Lammel and Gazit Shimoni plan to expand their research to explore neurotensin’s role beyond obesity, investigating its involvement in diabetes and eating disorders.

“The bigger question is whether these systems interact across different conditions,” Gazit Shimoni said.

“How does starvation affect dopamine circuits? What happens in eating disorders? These are the questions we’re looking at next.”

Other co-authors are Charlotte Seng, Tamás Lukacsovich and Csaba Földy of the University of Zurich in Switzerland; Yihan Jin and Lin Tian of UC Davis; Hongbin Yang of Zhejiang University in Hangzhou, China; Jeroen Verharen, Christine Liu, Michael Tanios, Eric Hu, Jonathan Read and Lilly Tang of UC Berkeley; and Byung Kook Lim of UC San Diego.

Funding: The work was supported by the McKnight Foundation, One Mind Foundation, Weill Neurohub, Rita Allen Foundation, Wayne and Gladys Valley Foundation and National Institutes of Health (R01DA042889, U01NS120820, U01NS113295, R01NS121231, R01DA049787).

Shimoni was supported by a Young Investigator Award from the National Alliance for Research on Schizophrenia and Depression.

About this obesity and neuroscience research news

Author: Robert Sanders
Source: UC Berkeley
Contact: Robert Sanders – UC Berkeley
Image: The image is credited to Neuroscience News

Original Research: Open access.
“Changes in neurotensin signalling drive hedonic devaluation in obesity” by Stephan Lammel et al. Nature

Abstract

Changes in neurotensin signalling drive hedonic devaluation in obesity

Calorie-rich foods, particularly those that are high in fat and sugar, evoke pleasure in both humans and animals. However, prolonged consumption of such foods may reduce their hedonic value, potentially contributing to obesity.

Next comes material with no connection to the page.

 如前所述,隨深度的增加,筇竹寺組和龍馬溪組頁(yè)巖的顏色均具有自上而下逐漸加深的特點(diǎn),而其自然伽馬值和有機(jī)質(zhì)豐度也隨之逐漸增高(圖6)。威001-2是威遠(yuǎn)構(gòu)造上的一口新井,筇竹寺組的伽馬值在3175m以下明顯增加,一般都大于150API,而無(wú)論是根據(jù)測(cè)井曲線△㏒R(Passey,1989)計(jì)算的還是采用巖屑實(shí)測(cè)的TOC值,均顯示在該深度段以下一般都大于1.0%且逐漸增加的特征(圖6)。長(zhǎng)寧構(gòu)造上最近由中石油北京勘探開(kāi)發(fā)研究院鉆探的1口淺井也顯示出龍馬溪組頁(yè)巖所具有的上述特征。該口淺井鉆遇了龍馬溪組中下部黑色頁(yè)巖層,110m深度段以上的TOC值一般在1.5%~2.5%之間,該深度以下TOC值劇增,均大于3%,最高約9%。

Here we investigated this phenomenon in mice on a chronic high-fat diet (HFD). Although these mice preferred high-fat food over regular chow in their home cages, they showed reduced interest in calorie-rich foods in a no-effort setting.

This paradoxical decrease in hedonic feeding has been reported previously, but its neurobiological basis remains unclear.

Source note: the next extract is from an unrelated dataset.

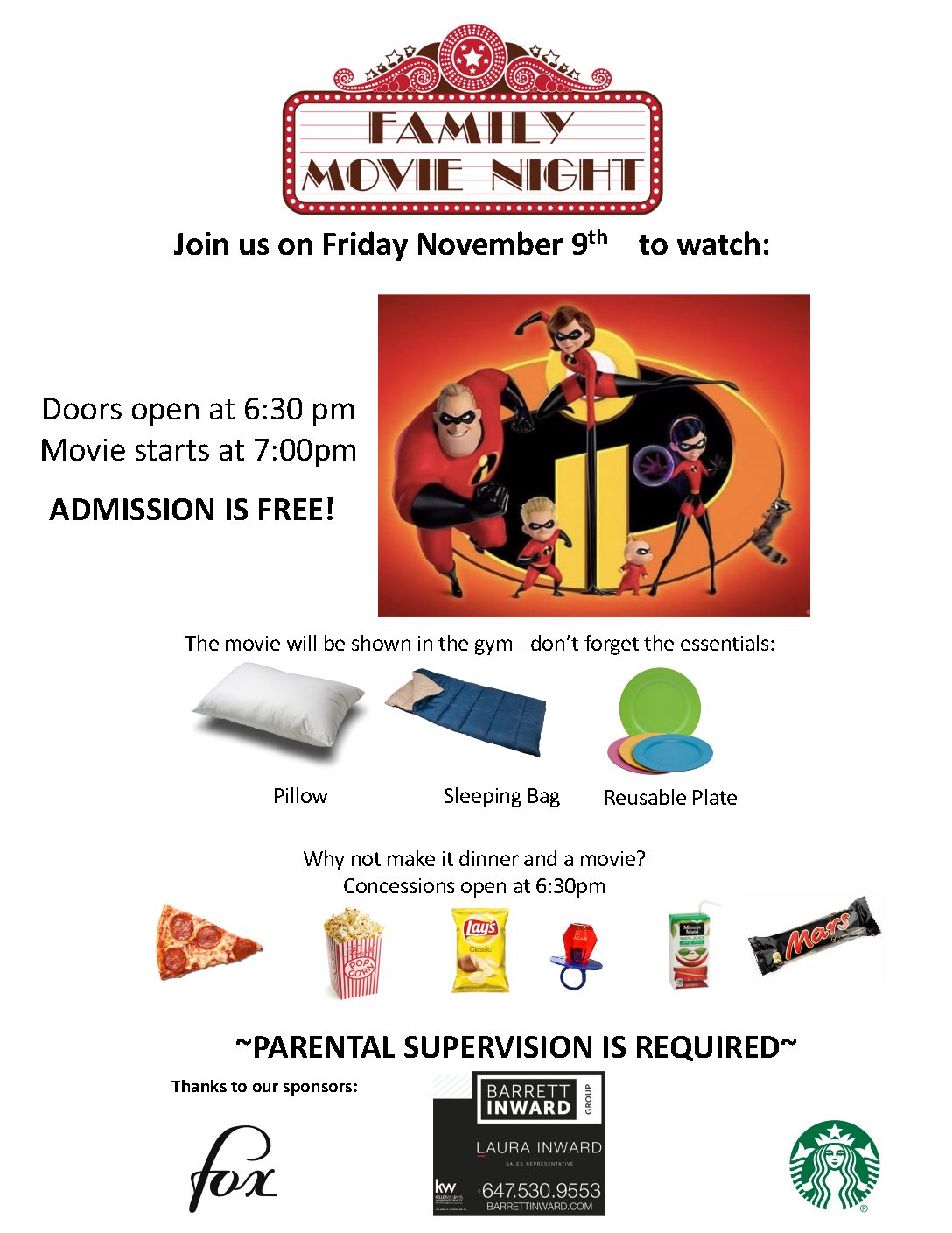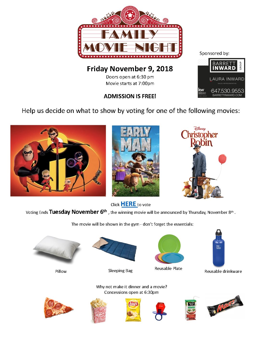 Our 1st Movie Night is next Friday October 12th and parents are to vote for which movie their kids like. The movie with the most collective votes win. Attached poster is going out to...

We found that in mice on regular diet, neurons in the lateral nucleus accumbens (NAcLat) projecting to the ventral tegmental area (VTA) encoded hedonic feeding behaviours. In HFD mice, this behaviour was reduced and uncoupled from neural activity.

Optogenetic stimulation of the NAcLat→VTA pathway increased hedonic feeding in mice on regular diet but not in HFD mice, though this behaviour was restored when HFD mice returned to a regular diet. HFD mice exhibited reduced neurotensin expression and release in the NAcLat→VTA pathway.

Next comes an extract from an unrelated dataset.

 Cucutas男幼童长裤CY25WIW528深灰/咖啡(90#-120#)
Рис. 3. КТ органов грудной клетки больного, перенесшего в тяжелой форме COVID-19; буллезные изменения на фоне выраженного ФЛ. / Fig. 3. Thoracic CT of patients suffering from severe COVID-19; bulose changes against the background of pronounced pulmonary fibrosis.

Furthermore, neurotensin knockout in the NAcLat and neurotensin receptor blockade in the VTA each abolished optogenetically induced hedonic feeding behaviour.

Enhancing neurotensin signalling via overexpression normalized aspects of diet-induced obesity, including weight gain and hedonic feeding.

Together, our findings identify a neural circuit mechanism that links the devaluation of hedonic foods with obesity.